Last update: January 21, 2026
[THIS PROJECT IS IN PROGRESS AND THE CHATBOT WILL BE DEPLOYED ON THE CLOUD FOR PUBLIC ACCESS]
This repo is the second part of a larger GraphRAG application, demonstrating how the GraphRAG pattern works for intelligent question-answering over a music knowledge base. You can find Part 1, the GraphRAG Data Pipeline here: GraphRAG Part 1: Data Pipeline
This system is a high-performance, privacy-focused Retrieval-Augmented Generation (RAG) agent that orchestrates three distinct data retrieval strategies based on user intent:
- Graph Retrieval (Neo4j) — For deterministic facts and relationship traversals
- Vector Retrieval (ChromaDB) — For semantic/contextual queries and "vibe" questions
- Deep Metadata (JSON Sidecar) — For detailed attributes like barcodes, packaging, and social stats
The architecture follows a "Skinny Graph, Fat Context" philosophy: the graph database stays lean and optimized for traversals, while rich contextual data lives in appropriate external stores. All layers are unified via a strict Identity Fabric using Wikidata QIDs and MusicBrainz MBIDs.

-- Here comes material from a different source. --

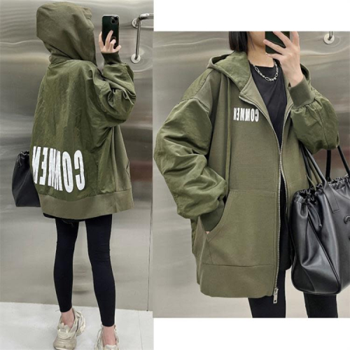 DearGod正韓女裝歐洲站2022秋季香港連帽后背字母印花風衣拼接大版拉鍊衛衣外套女

Picture 1. Graph of Orchestration of LangGraph
This system is specifically tuned for the Electronic Music domain. It captures the rich, interconnected history of electronic artists, from early pioneers to contemporary producers. The dataset encompasses a wide range of sub-genres—including Techno, House, Ambient, IDM, and Drum & Bass—modeling the complex relationships between artists, their releases, and the evolving taxonomy of electronic musical styles.
| Category | Technology |
|---|---|
| Orchestration | LangGraph |
| Graph Database | Neo4j (Cloud - Neo4jAura) |
| Vector Store | ChromaDB |
| Embeddings | nomic-ai/nomic-embed-text-v1.5 |
| LLM Inference | MLX (Apple Silicon native) |
| Models | gpt-oss-20b-MLX-8bit (Router/Generalist), Gemma-3-4B-Instruct (Text-to-Cypher) |
| Web UI | Chainlit |
| Configuration | Pydantic / pydantic-settings |
| Logging | structlog |
| Package Manager | uv (Astral) |
The system functions as a Meta-Agent that orchestrates specialized retrievers based on user intent, prioritizing precision (Graph) over approximation (Vector), with a Safety Net protocol to ensure zero-hallucination failures.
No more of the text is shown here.